(THE DATA):
──────────
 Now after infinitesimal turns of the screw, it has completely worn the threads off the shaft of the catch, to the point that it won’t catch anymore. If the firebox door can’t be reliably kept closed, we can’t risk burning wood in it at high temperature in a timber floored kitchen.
──────────
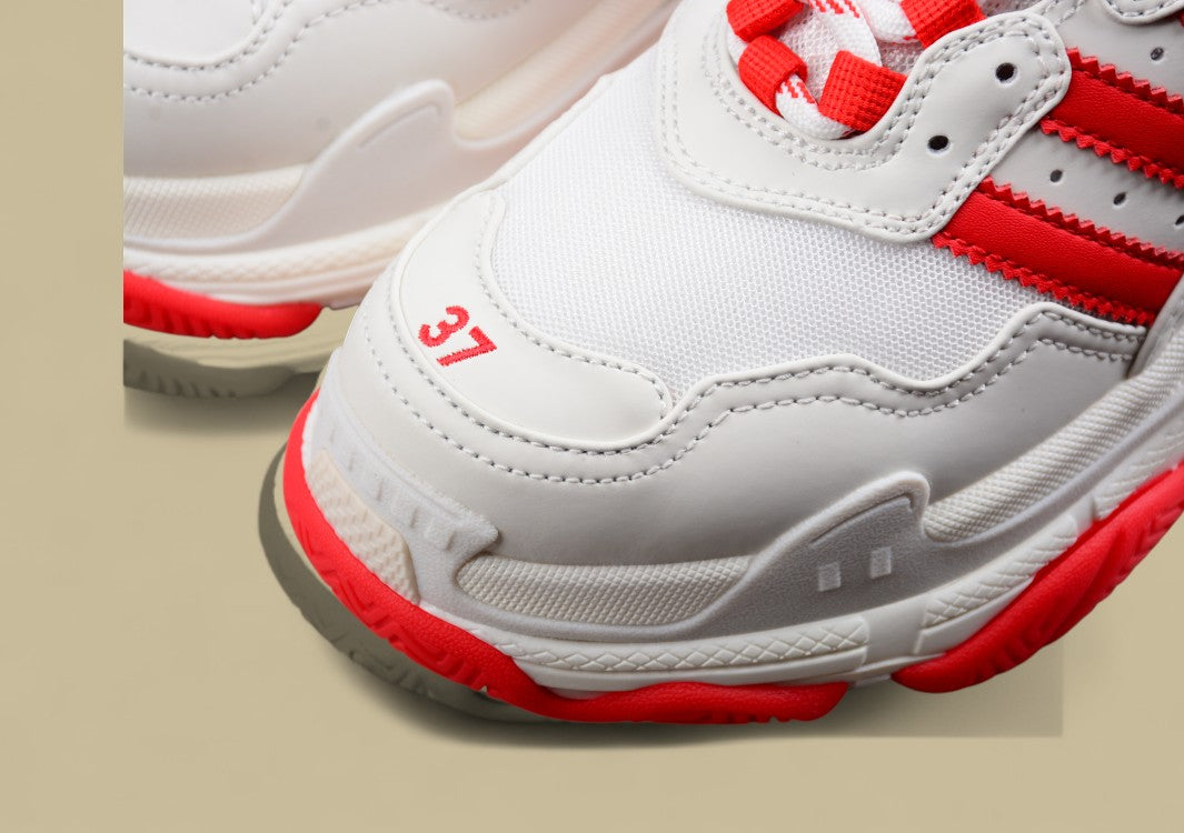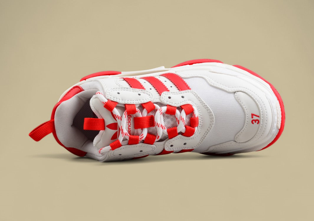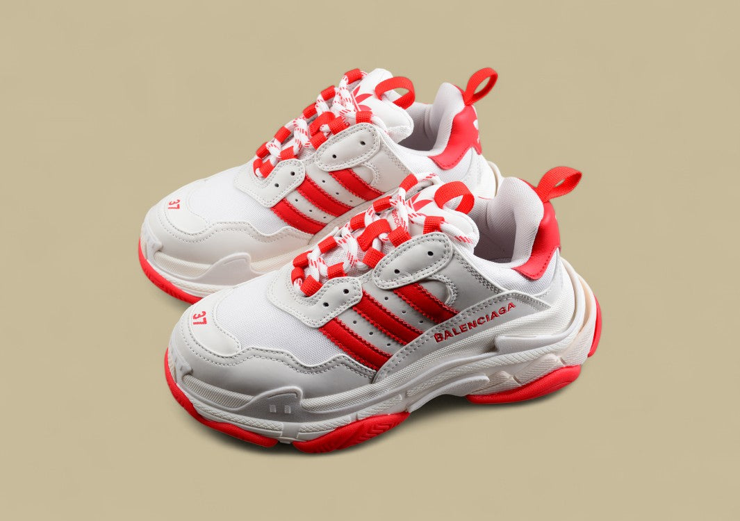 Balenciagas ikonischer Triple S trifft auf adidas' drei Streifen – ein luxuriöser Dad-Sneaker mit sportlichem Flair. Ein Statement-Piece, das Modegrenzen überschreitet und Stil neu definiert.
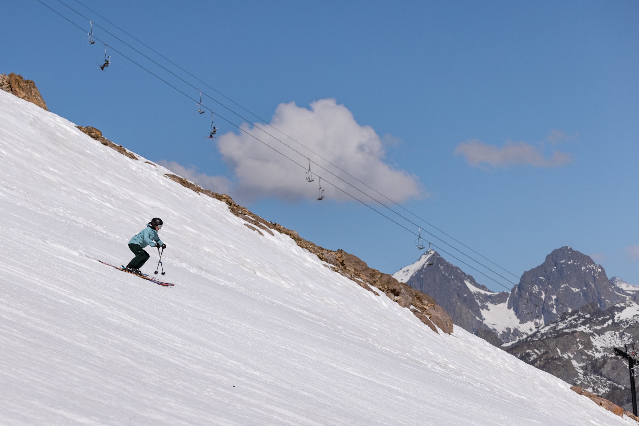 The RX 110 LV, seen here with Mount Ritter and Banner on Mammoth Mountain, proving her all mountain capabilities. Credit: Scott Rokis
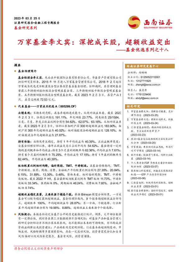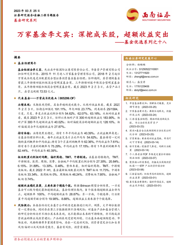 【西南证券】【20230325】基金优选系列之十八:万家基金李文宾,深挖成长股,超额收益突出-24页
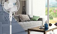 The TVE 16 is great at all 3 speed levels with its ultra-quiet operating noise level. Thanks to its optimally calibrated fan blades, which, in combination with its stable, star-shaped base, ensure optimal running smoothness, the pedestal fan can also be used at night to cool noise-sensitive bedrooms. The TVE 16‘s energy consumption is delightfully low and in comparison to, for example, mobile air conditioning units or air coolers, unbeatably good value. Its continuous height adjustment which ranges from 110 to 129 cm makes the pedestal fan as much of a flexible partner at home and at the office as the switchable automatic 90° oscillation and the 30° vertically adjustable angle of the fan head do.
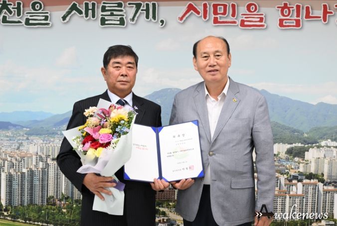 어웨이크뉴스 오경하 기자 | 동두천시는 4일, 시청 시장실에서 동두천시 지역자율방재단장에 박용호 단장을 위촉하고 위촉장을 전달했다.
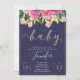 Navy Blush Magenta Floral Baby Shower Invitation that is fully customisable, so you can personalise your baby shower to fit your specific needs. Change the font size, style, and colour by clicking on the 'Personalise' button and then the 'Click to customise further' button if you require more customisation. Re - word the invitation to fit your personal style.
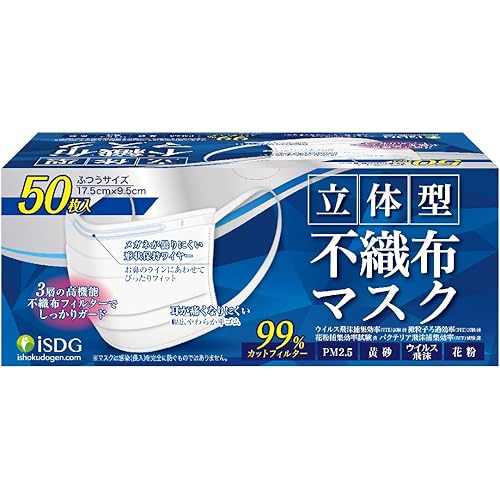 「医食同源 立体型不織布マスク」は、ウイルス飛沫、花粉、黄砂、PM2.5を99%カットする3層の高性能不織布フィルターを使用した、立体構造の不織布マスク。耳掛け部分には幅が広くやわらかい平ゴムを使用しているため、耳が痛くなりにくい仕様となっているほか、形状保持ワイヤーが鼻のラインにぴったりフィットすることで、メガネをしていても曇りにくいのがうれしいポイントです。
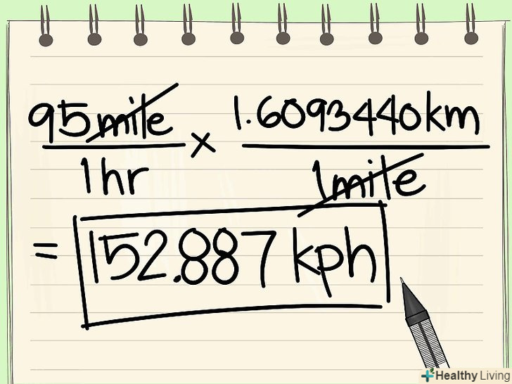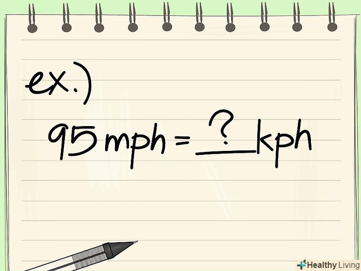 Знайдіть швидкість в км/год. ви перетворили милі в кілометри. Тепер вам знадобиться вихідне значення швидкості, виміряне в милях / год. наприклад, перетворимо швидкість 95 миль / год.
──────────
(THE TASK): The answer must be the part of the records that opens with the line containing "The TVE 16 is" and closes with the line containing "Знайдіть швидкість в", reproduced exactly, with no pictures.

(TASK SOLUTION):
 The TVE 16 is great at all 3 speed levels with its ultra-quiet operating noise level. Thanks to its optimally calibrated fan blades, which, in combination with its stable, star-shaped base, ensure optimal running smoothness, the pedestal fan can also be used at night to cool noise-sensitive bedrooms. The TVE 16‘s energy consumption is delightfully low and in comparison to, for example, mobile air conditioning units or air coolers, unbeatably good value. Its continuous height adjustment which ranges from 110 to 129 cm makes the pedestal fan as much of a flexible partner at home and at the office as the switchable automatic 90° oscillation and the 30° vertically adjustable angle of the fan head do.
 어웨이크뉴스 오경하 기자 | 동두천시는 4일, 시청 시장실에서 동두천시 지역자율방재단장에 박용호 단장을 위촉하고 위촉장을 전달했다.
 Navy Blush Magenta Floral Baby Shower Invitation that is fully customisable, so you can personalise your baby shower to fit your specific needs. Change the font size, style, and colour by clicking on the 'Personalise' button and then the 'Click to customise further' button if you require more customisation. Re - word the invitation to fit your personal style.
 「医食同源 立体型不織布マスク」は、ウイルス飛沫、花粉、黄砂、PM2.5を99%カットする3層の高性能不織布フィルターを使用した、立体構造の不織布マスク。耳掛け部分には幅が広くやわらかい平ゴムを使用しているため、耳が痛くなりにくい仕様となっているほか、形状保持ワイヤーが鼻のラインにぴったりフィットすることで、メガネをしていても曇りにくいのがうれしいポイントです。
 Знайдіть швидкість в км/год. ви перетворили милі в кілометри. Тепер вам знадобиться вихідне значення швидкості, виміряне в милях / год. наприклад, перетворимо швидкість 95 миль / год.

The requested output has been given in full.